Настроение окончательно испортилось. Холодный июльский ветер дул прямо в лицо. Зима здесь особенно неприветлива: дожди, иногда густые туманы; хуже всего – океанский пассат. Ветер на Святой Елене с характером – мокрый, резкий, пронизывающий до самых костей. Такое чувство, что очередной порыв способен вынести из тела закоченевшую душу. И этот ветрище, несомненно, являлся элементом кары.

Итак, для всего мира его нет. Вчерашний Наполеон как бы умер, исчез навсегда. Даже здесь старательно-подчеркнуто пытаются забыть, что он – Император. Есть некий «генерал Бонапарт» – и точка. Уже одним этим ставят Бонапарта на одну линию с этим болваном Лоу и всей союзнической камарильей.

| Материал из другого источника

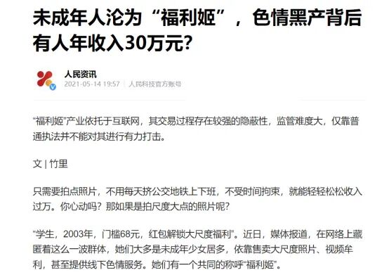 @人民资讯《未成年人沦为“福利姬”,色情黑产背后有人年收入30万元?》@新京报官微《未成年人沦为“福利姬”?黑色产业链需“打早打小”》@全国妇联女性之声《童装成人化现象调查:女童服装,何必如此性感暴露》End

Ну так вот. Можно отнять все, честь – никогда! Он не собирается и не станет играть по правилам, навязанным ему неприятелем. Пусть они выполняют Его правила. Шуты! Это Европа спряталась от него, но никак не наоборот! И не важно, устраивают их Его условия или нет. Вздумали низложить Наполеона Бонапарта – их право. Но чтоб унизить… Игра будет всегда от Императора!

Лонгвуд – огромное плато в несколько верст, безжалостно продуваемое ветрами. Вокруг скалы, а еще – высота. Дорога от Джеймстауна на вершине упирается в Аларм-хаус, где англичане оборудовали караульное помещение. Тут же сигнальная пушка («alarm gun»). Если двигаться дальше на восток, вскоре перед глазами открывается огромная котловина – так называемая Чаша для пунша дьявола (The Devil Punch Bowl). Именно там, прижатый к плато, когда-то был построен несуразный Лонгвуд-хаус.

Наполеон уже давно все передумал. Что ни говори, но с момента переезда сюда этот «дворец» – Его Лонгвудский Тюильри. Своего рода Французский двор на острове. Не место облагораживает человека, но человек место (тоже фраза Наполеона).

18

Черт возьми! (фр.).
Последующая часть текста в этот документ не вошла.